#### EXCERPTED RECORDS

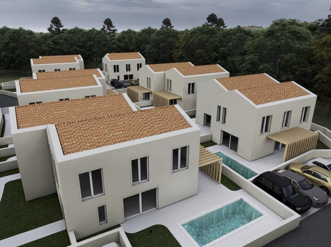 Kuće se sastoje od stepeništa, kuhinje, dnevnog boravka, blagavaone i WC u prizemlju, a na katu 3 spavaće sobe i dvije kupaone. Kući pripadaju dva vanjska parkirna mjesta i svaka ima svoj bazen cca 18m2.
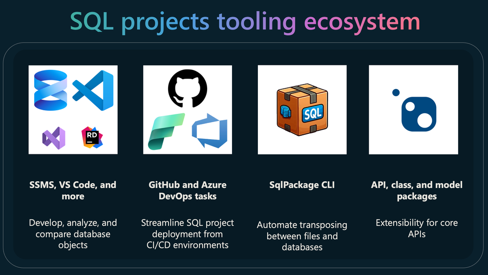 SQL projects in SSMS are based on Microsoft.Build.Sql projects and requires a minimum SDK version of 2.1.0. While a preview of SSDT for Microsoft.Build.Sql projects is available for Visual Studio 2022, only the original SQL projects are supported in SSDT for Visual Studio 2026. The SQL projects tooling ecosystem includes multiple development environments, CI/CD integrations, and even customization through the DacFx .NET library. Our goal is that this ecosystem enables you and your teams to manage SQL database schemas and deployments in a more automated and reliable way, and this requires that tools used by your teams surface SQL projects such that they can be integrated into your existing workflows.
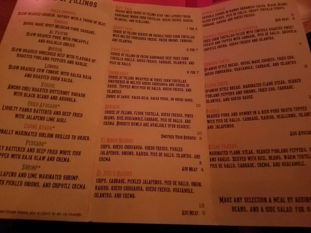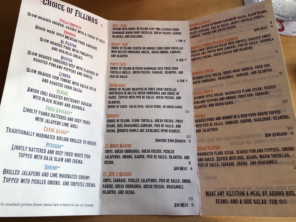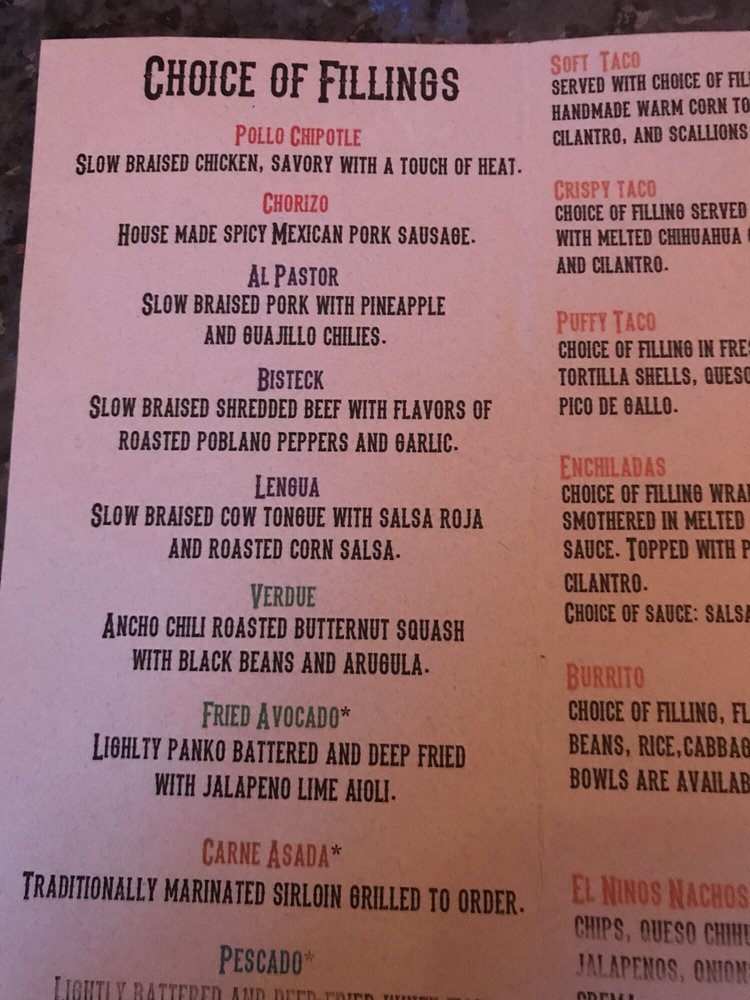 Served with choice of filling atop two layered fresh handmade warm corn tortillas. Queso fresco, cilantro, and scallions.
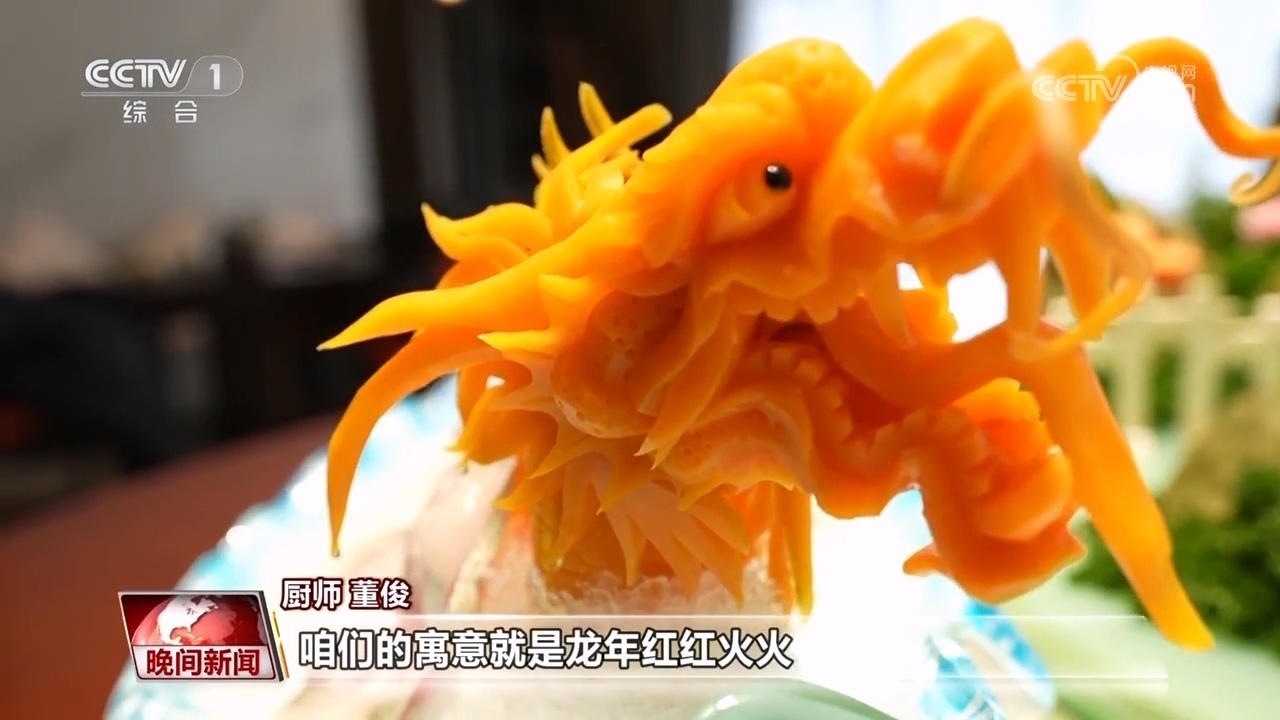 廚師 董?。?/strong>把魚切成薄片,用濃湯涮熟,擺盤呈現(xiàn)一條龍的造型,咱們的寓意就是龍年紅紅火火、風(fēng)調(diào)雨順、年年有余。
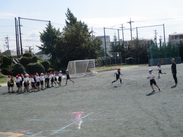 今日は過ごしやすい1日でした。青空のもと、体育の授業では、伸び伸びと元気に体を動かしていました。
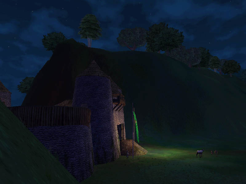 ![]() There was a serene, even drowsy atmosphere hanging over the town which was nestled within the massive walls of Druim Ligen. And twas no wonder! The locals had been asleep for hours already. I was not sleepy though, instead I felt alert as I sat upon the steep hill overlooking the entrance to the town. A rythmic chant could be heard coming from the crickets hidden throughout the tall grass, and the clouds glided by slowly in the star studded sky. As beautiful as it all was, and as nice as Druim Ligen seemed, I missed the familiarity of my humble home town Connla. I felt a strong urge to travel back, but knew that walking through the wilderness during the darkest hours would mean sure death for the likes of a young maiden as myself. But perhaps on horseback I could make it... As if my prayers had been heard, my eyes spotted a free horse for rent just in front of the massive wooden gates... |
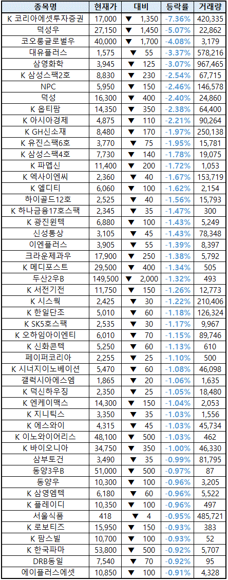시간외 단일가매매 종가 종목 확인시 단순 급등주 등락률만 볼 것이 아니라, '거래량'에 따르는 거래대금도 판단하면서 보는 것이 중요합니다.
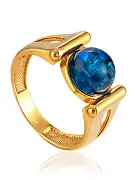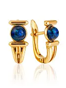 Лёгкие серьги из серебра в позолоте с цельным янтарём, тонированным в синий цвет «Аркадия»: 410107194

########

TASK BRIEF: Each record should be copied exactly, and each image left out.

OUTPUT OF THE EXERCISE:
 Kuće se sastoje od stepeništa, kuhinje, dnevnog boravka, blagavaone i WC u prizemlju, a na katu 3 spavaće sobe i dvije kupaone. Kući pripadaju dva vanjska parkirna mjesta i svaka ima svoj bazen cca 18m2.
 SQL projects in SSMS are based on Microsoft.Build.Sql projects and requires a minimum SDK version of 2.1.0. While a preview of SSDT for Microsoft.Build.Sql projects is available for Visual Studio 2022, only the original SQL projects are supported in SSDT for Visual Studio 2026. The SQL projects tooling ecosystem includes multiple development environments, CI/CD integrations, and even customization through the DacFx .NET library. Our goal is that this ecosystem enables you and your teams to manage SQL database schemas and deployments in a more automated and reliable way, and this requires that tools used by your teams surface SQL projects such that they can be integrated into your existing workflows.
 Served with choice of filling atop two layered fresh handmade warm corn tortillas. Queso fresco, cilantro, and scallions.
 廚師 董?。?/strong>把魚切成薄片,用濃湯涮熟,擺盤呈現(xiàn)一條龍的造型,咱們的寓意就是龍年紅紅火火、風(fēng)調(diào)雨順、年年有余。
 今日は過ごしやすい1日でした。青空のもと、体育の授業では、伸び伸びと元気に体を動かしていました。
 ![]() There was a serene, even drowsy atmosphere hanging over the town which was nestled within the massive walls of Druim Ligen. And twas no wonder! The locals had been asleep for hours already. I was not sleepy though, instead I felt alert as I sat upon the steep hill overlooking the entrance to the town. A rythmic chant could be heard coming from the crickets hidden throughout the tall grass, and the clouds glided by slowly in the star studded sky. As beautiful as it all was, and as nice as Druim Ligen seemed, I missed the familiarity of my humble home town Connla. I felt a strong urge to travel back, but knew that walking through the wilderness during the darkest hours would mean sure death for the likes of a young maiden as myself. But perhaps on horseback I could make it... As if my prayers had been heard, my eyes spotted a free horse for rent just in front of the massive wooden gates... |
시간외 단일가매매 종가 종목 확인시 단순 급등주 등락률만 볼 것이 아니라, '거래량'에 따르는 거래대금도 판단하면서 보는 것이 중요합니다.
 Лёгкие серьги из серебра в позолоте с цельным янтарём, тонированным в синий цвет «Аркадия»: 410107194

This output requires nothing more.